Access data shared with you using Delta Sharing

Preview

Delta Sharing is in Public Preview. To participate in the preview, you must enable the External Data Sharing feature group in the Databricks Account Console. See Enable the External Data Sharing feature group for your account.

Delta Sharing is subject to applicable terms. Enabling the External Data Sharing feature group represents acceptance of those terms.

This article shows data recipients how to access data shared from Delta Sharing using Databricks, Apache Spark, and pandas.

Delta Sharing and data recipients

Delta Sharing is an open standard for secure data sharing. A Databricks user, called a “data provider”, can use Delta Sharing to share data with a person or group outside of their organization, called a “data recipient”. For a full list of connectors and information about how to use them, see the Delta Sharing documentation. This article shows data recipients how to access data shared from Delta Sharing using Databricks, Apache Spark, and pandas.

The shared data is not provided by Databricks directly but by data providers running on Databricks.

Note

By accessing a data provider’s shared data as a data recipient, data recipient represents that it has been authorized to access the data share(s) provided to it by the data provider and acknowledges that (1) Databricks has no liability for such data or data recipient’s use of such shared data, and (2) Databricks may collect information about data recipient’s use of and access to the shared data (including identifying any individual or company who accesses the data using the credential file in connection with such information) and may share it with the applicable data provider.

Download the credential file

To grant you access to shared data, the data provider sends you an activation URL, where you can download a credential file. This article shows how you can use the credential file to access the shared data.

Important

You can download a credential file only one time. If you visit the activation link again after you have already downloaded the credential file, the Download Credential File button is disabled.

  • Don’t further share the activation link or share the credential file you have received with anyone outside of your organization.

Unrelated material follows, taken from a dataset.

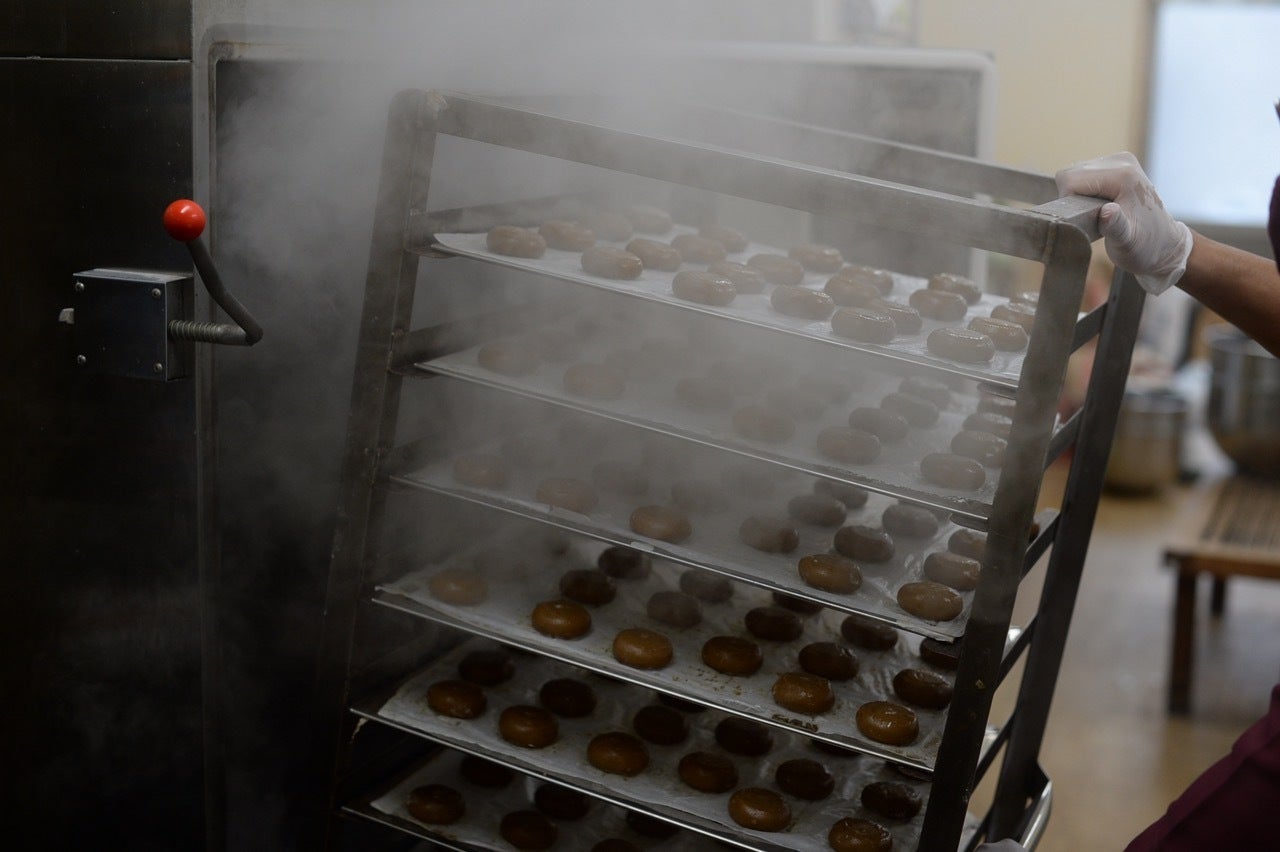 看板商品のひとつ「かりんとうまんじゅう」。蒸しあげたあと自然乾燥させて水分を抜きます

  • If you lose the activation link before using it, contact the data provider.

  1. Click the activation link shared with you by the data provider. The activation page opens in your browser.

  2. Click Download Credential File.

Store the credential file in a secure location. If you need to share it with someone in your organization, Databricks recommends using a password manager.

Read the shared data

After you download the credential file, your code uses the credential file to authenticate to the data provider’s Databricks account and read the data the data provider shared with you. The access will persist until the provider stops sharing the data with you. Updates to the data are available to you in near real time. You can read and make copies of the shared data, but you can’t modify the source data.

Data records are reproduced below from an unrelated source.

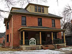 It is a two-and-one-half story American Foursquare house.[2]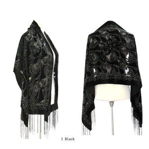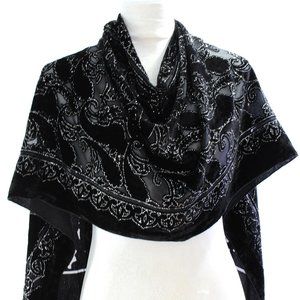 Black Silk Burnout Velvet Long Shawl Wrap Scarf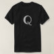 This is a men's black t-shirt with the letter Q on the front. The t-shirt is a short sleeve men's black t-shirt. You can select other colours of t-shirts. You can change the monogram letter by clicking the Personalise button.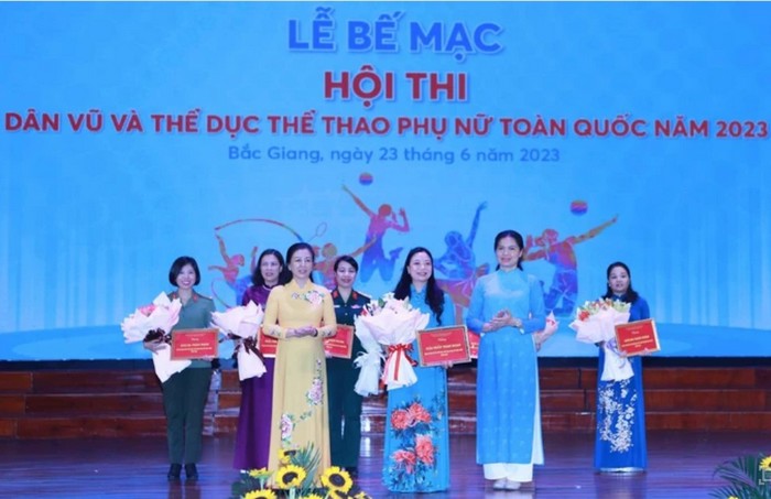 Tại chương trình, lãnh đạo Hội LHPN Việt Nam cũng trao 8 Bằng khen cho các tập thể, cá nhân có thành tích xuất sắc tham gia Hội thi Dân vũ và thể dục thể thao phụ nữ toàn quốc năm 2023.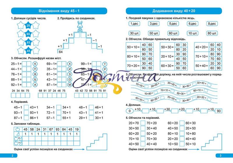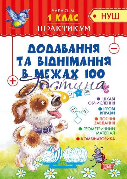 Цей посібник містить приклади з додавання та віднімання у межах 100 за програмою Нової української школи для першого класу. Тренажер допоможе вашій дитині удосконалювати навички з розв'язування різноманітних прикладів та завдань, а батькам книжка стане у нагоді, якщо ви захочете оцінити навчальні досягнення своєї дитини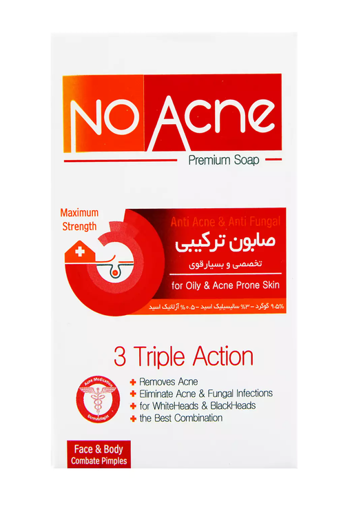 ترکیبات آزلائیک اسید و گوگرد در صابون شستشو نو آکنه مدل Triple action، میزان چربی سطح پوست را تنظیم نموده و مانع از مسدود شدن منافذ و بروز آکنه می گردند؛ این دو ماده همچنین، با خاصیت ضد میکروبی، از رشد و تکثیر باکتریهای مولد آکنه ممانعت به عمل می آورند.

The following sections show how to access shared data using Databricks, Apache Spark, and pandas. If you run into trouble accessing the shared data, contact the data provider.

Note

Partner integrations are, unless otherwise noted, provided by the third parties and you must have an account with the appropriate provider for the use of their products and services. While Databricks does its best to keep this content up to date, we make no representation regarding the integrations or the accuracy of the content on the partner integration pages. Reach out to the appropriate providers regarding the integrations.

Use Databricks

Follow these steps to access shared data in a Databricks workspace using notebook commands. You store the credential file in DBFS, then use it to authenticate to the data provider’s Databricks account and read the data the data provider shared with you.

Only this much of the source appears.